A French expressionist artist, Rouault first apprenticed
to a stained-glass maker. More than any other 20th century
artist, one associates Rouault with the extremes of human
emotions and actions. He portrayed absolutes: the outcast
and the saint, the sufferer and the redeemer. Yet these extremes
merge into one.
After 1891 Rouault studied under Gustave Moreau. He exhibited
several paintings with the Fauves in 1905. His sorrowful and
bitter delineations of judges, clowns, and prostitutes caused
a great stir in Paris. The suffering of Christ was his frequent
subject. His thickly encrusted, powerfully colored images,
outlined heavily in black, have the effect of icons and a
pattern suggestive of stained glass.
Rouault's search for absolute values has its counterpart
in his highly individual graphic techniques. Around 1916,
Rouault began more than a decade of work for the publisher
Vollard.
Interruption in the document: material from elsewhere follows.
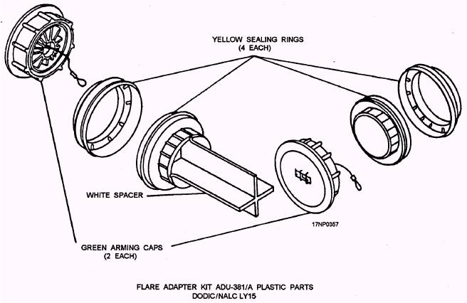 Figure 13-27.-Flare adapter kit. CAUTION When installing Mk 34 and Mk 63 warheads, use the chain wrench only in the area indicated by the decal. This prevents damage to the warhead. NOTE: A groove may be cut in one nylon insert only of the practice warheads Mk 6 Mod 7 and Mk 32 Mod 0. This facilitates assembly of the warhead to the motor. For detailed information concerning the assembly procedures of airborne rockets, you should refer to Airborne Rockets, NAVAIR 11-85-5; 5.0-Inch Airborne Rocket Launchers LAU-10 Series, NAVAIR 11-75A-63; and 2.75-Inch Airborne Rocket Launchers, NAVAIR 11-75A-61. |

Using a variety of graphic processes, he executed
a series of about 60 prints called Miserere. The metaphysical
quality of his monchrome lithographs and the magnificent blacks
of his monochrome intaglios were achieved through highly unorthodox
techniques. For his color aquatints, Rouault employed the
sugar-lift process to realize colors which are at once, rich,
subtle and luminous.
He continued to paint the themes he had used earlier, but
in a more tranquil style. Rouault's works are unequaled in
the religious art of our time. Examples of his art can be
found in many European and American collections. The Museum
of Modern Art, New York City, owns his Three Judges and Christ
Mocked by Soldiers. Georges Rouault died in 1958 at age 87.
During his long career he was able to translate a profound
moral vision into an equally intense aesthetic experience.